If the reset according to Verena doesn't work be sure to call CS, if they cannot help they will send you a new one immediately!


----------



## kevindorsey (Mar 4, 2009)

That's kind of a strange problem to appear after an update.


----------



## BarbM (Dec 5, 2009)

I'm definitely having this problem, and it is frustrating.  I have a Kindle DX, got it in June and didn't have any problems until last weekend, when the back button stopped working no matter what I tried.    I called support, and they shipped me a new DX.  I've used the new one for a couple of days now, and this morning I started having the same problem with the new one.  I will contact Kindle Support and try to get somehelp getting to the bottom of this, and post the outcome here.

Barb
Seattle Kindle Fan


----------



## Anju  (Nov 8, 2008)

Sorry you are having problems Barb, but glad you are finding kindle CS helpful.  And it will be helpful to the rest of us when you get the solution and will be able to help the rest of the DX owners.

Welcome to kindleboards and your first post


----------



## cjonthehill (Oct 21, 2009)

My DX was also doing this after the update.  I would use the dictionary and then nothing would happen when I hit the back button.  I would have to go all the way out the the home page and back into the book to get back to where I was reading.  I just did a hard reset and it seems to have cured the issue.  Hopefully it will be a lasting cure!


----------



## pedro (Dec 6, 2009)

Hey guys I just joined this forum. I`m facing this issue since the v. 2.3 update with no solution so far. I`ve also tried holding the power button to do a reset but still no "Back" button when I`m in dictionary or browsing Amazon. I have a Kindle 2 Intl. bought in October.
Thanks,
Pedro.


----------



## pidgeon92 (Oct 27, 2008)

pedro said:


> I`ve also tried holding the power button to do a reset


Please clarify. Did you succeed in resetting the Kindle? If so, have you tried more than once?


----------



## svsilentsun (Nov 24, 2009)

A reader on a different forum actually brought the issue to my attention. I just thought it was a glitch till I saw her post. Then I posted here to see if anyone else was experiencing it. The other day she said she noticed hers was automatically updating and since then, no problems with the back button. I left my WN on for a while and haven't had an issue with the back button since. 

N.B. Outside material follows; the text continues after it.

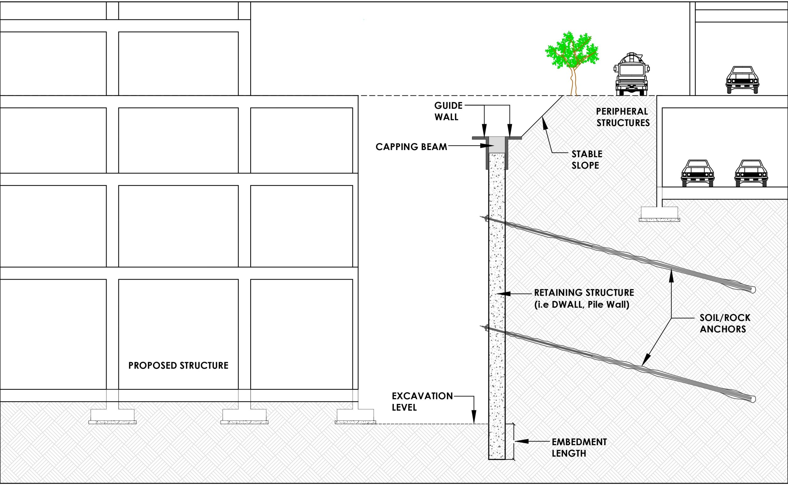 Geotechnical design consultancy focuses on assessing soil conditions to ensure the stability and safety of structures. This includes specialized services like diaphragm wall design and slope stability analysis. Diaphragm walls are underground structures used in deep excavations or as barriers against groundwater. The design process involves evaluating soil properties, groundwater levels, and structural requirements to create robust, impermeable walls that can withstand lateral earth pressures. Slope stability analysis assesses the stability of natural or man-made slopes to prevent landslides or structural failures. Engineers analyze soil mechanics, groundwater effects, and external forces to design effective stabilization measures. These geotechnical services ensure that structures are built or modified with a thorough understanding of soil behavior, minimizing risks and ensuring long-term stability.

I did have to do a hard reboot (or whatever it's called in Kindle-speak) when the whole thing froze up last night, though. If I get much more grief, I'll be callilng CS (again) to figure it out.


----------



## Caich (Mar 11, 2010)

I bought my Kindle in January 2010.  The first problem was the "previous page" would go back several pages instead of one.  I think that was fixed by accident holding the power slider longer than I had intended.  It probably reset.  Then the back button issue.  I cured that by coming here and reading some instructions.  Hold the power button off for 30-40 seconds.  I finally got the original screen with a loading bar.  Yay!  Works just fine now (thankyouverymuch).  

Caich


----------



## planet_janet (Feb 23, 2010)

I had this problem with the K2 I received for Christmas.  Within a few days of use, the back button stopped working, and then the previous page button stopped working.  I tried the hard reset, which worked, but within a couple of days, the back button stopped working again.  At this point, I called CS and they sent me a new Kindle.  I've not had the same problem with the replacement K2 (knock on wood!).


----------



## TechBotBoy (Jan 25, 2010)

Nope - my K2 is fine after the upgrade - sorry to hear you've got problems -- but as everyone has suggested, Amazon Customer Service can surely help. 

                    - Tbb


----------



## GravyBoat (Mar 24, 2010)

Hey everyone.  I just received my first Kindle in the mail yesterday.  Back button was working fine until today, when I had trouble with it browsing the kindle store and also getting from the dictionary back to my book.  The back button did work in other contexts.   I did a google search for "kindle back button" which led me here.  I read the thread.  I did a hard reboot (or whatever you call it) by turning off the kindle and then holding the power switch to the right for a long time.  I then went back to the book I had been reading, slected a word, opened the dictionary, and then the back button worked successfully to return me to my book.  Also works in kindle store.  I then registered here to post this info.  It worked for me; hope it helps others.  Thanks to this forum and users for helping me with my first kindle problem!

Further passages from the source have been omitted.